A Serious Game Application using EEG-based Brain Computer Interface

Authors:

Francisco José Perales and Esperança Amengual

Abstract: Serious games have demonstrated their effectiveness as a therapeutic resource to deal with motor, sensory and cognitive disabilities. In this article we consider Brain Computer Interfaces (BCI) as a new interaction mechanism that could be used in serious games to improve their rehabilitation activity thanks to the ability of neurofeedback to stimulate the cortical plasticity. We present the brief state-of-the-art of BCI serious games and the factors to be considered in order to develop this particular kind of software that could be highly complex and require experts with different knowledge and skills. We propose a new approach based on the detection of focus features in the game activity. We introduce a system able to assess the Alpha band variations in particular game tasks. Our initial target users are children with cerebral palsy and motor disa-bilities. The system is currently under evaluation with control users before to be operated with the target users in rehabilitation centers.

Paper Nr: 5
Title:

Monitoring Depth of Hypnosis under Propofol General Anaesthesia - Granger Causality and Hidden Markov Models

Authors:

Nicoletta Nicolaou and Julius Georgiou

Abstract: Intra-operative awareness is experienced when a patient regains consciousness during surgery.
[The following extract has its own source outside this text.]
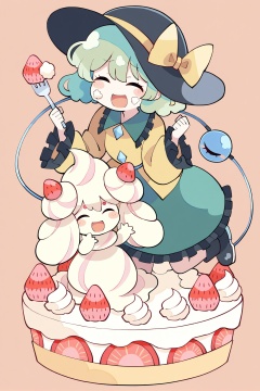 loli,(masterpiece,best quality,highres,absurdres,best quality,amazing quality,very aesthetic,absurdres),alcremie, strawberry, food, komeiji koishi, fruit, hat, closed eyes, yellow shirt, green hair, skirt, open mouth, shirt, third eye, long sleeves, holding, fork, smile, pokemon (creature), frills, green skirt, cake, black headwear, holding fork, yellow bow, hat bow, simple background, food on face, bow, cream, frilled sleeves, wide sleeves, happy, :d, yellow ribbon, 2girls, frilled shirt collar, black footwear, buttons, blush stickers, blush, ^_^, multiple girls, ribbon, hat ribbon, brown background, medium hair, diamond button, short hair, frilled skirt, collared shirt, 1girl

This work presents a Brain-Computer Interface system that can be used as part of routine surgery for monitoring the patient state of hypnosis in order to prevent intra-operative awareness. The underlying state of hypnosis is estimated using causality-based features extracted from the spontaneous electrical brain activity (EEG) of the patient and a probabilistic classification framework (Hidden Markov Models). The proposed method is applied to EEG activity from 20 patients under propofol anaesthesia. The mean discrimination performance obtained was 98% and 85% for wakefulness and anaesthesia respectively, with an overall performance accuracy of 92%. The use of a probabilistic framework increases the anaesthetist’s confidence on the estimated state of hypnosis based on the marginal probabilities of the underlying state.